I have been working with the prodigy db, and im confused as to what the difference is between _input_hash and _task_hash which are assigned to each task.
I couldnt find anything satisfactory in the documentation.
Can you please help?
Hi! You can read more about the hashing here: https://prodi.gy/docs/api-loaders#hashing
A simple example: you might be annotating data for text classification with two categories, so you make two passes over the data, one with LABEL_A
and one with LABEL_B
. Each time, you accept/reject whether the label applies. This means you end up with two examples for each text: one with LABEL_A
and one with LABEL_B
. Both examples will have the same input hash, because they're questions about the same input data, the text. But they will have different task hashes, because they're different questions.

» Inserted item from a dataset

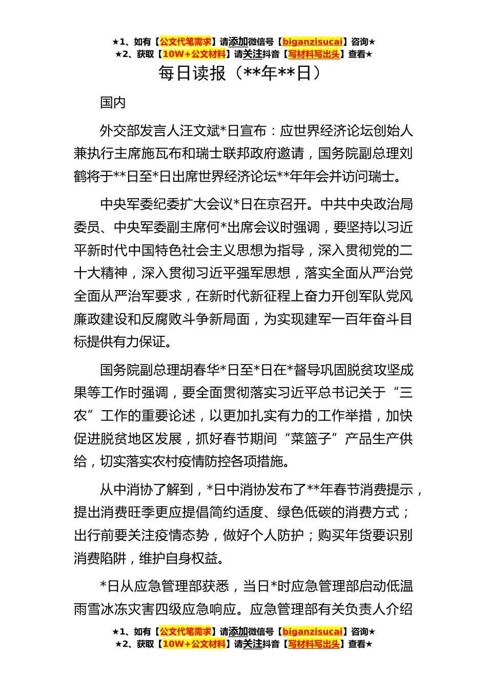 ★1、如有【公文代笔需求】请添加微信号【biganzisucai】咨询★★2、获取【10W+公文材料】请关注抖音【写材料写出头】查看★★1、如有【公文代笔需求】请添加微信号【biganzisucai】咨询★★2、获取【10W+公文材料】请关注抖音【写材料写出头】查看★★1、如有【公文代笔需求】请添加微信号【biganzisucai】咨询★★2、获取【10W+公文材料】请关注抖音【写材料写出头】查看★每日读报(**年**日)国内外交部发言人汪文斌*日宣布:应世界经济论坛创始人兼执行主席施瓦布和瑞士联邦政府邀请,国务院副总理刘鹤将于**日至*日出席世界经济论坛**年年会并访问瑞士。中央军委纪委扩大会议*日在京召开。中共中央政治局委员、中央军委副主席何*出席会议时强调,要坚持以习近平新时代中国特色社会主义思想为指导,深入贯彻...

{"text": "Text", "label": "LABEL_A", "_input_hash": 1, "_task_hash": 2}
{"text": "Text", "label": "LABEL_B", "_input_hash": 1, "_task_hash": 3}
{"text": "Other", "label": "LABEL_A", "_input_hash": 2, "_task_hash": 4}
Using the input hashes and task hashes, Prodigy (or you) can also figure out whether two annotations are on the same data and use this information to merge your examples later on. For example, data-to-spacy
will group all annotations with the same input hash together, so you'll get one example annotated with all categories, entities, POS tags or whatever else you labelled.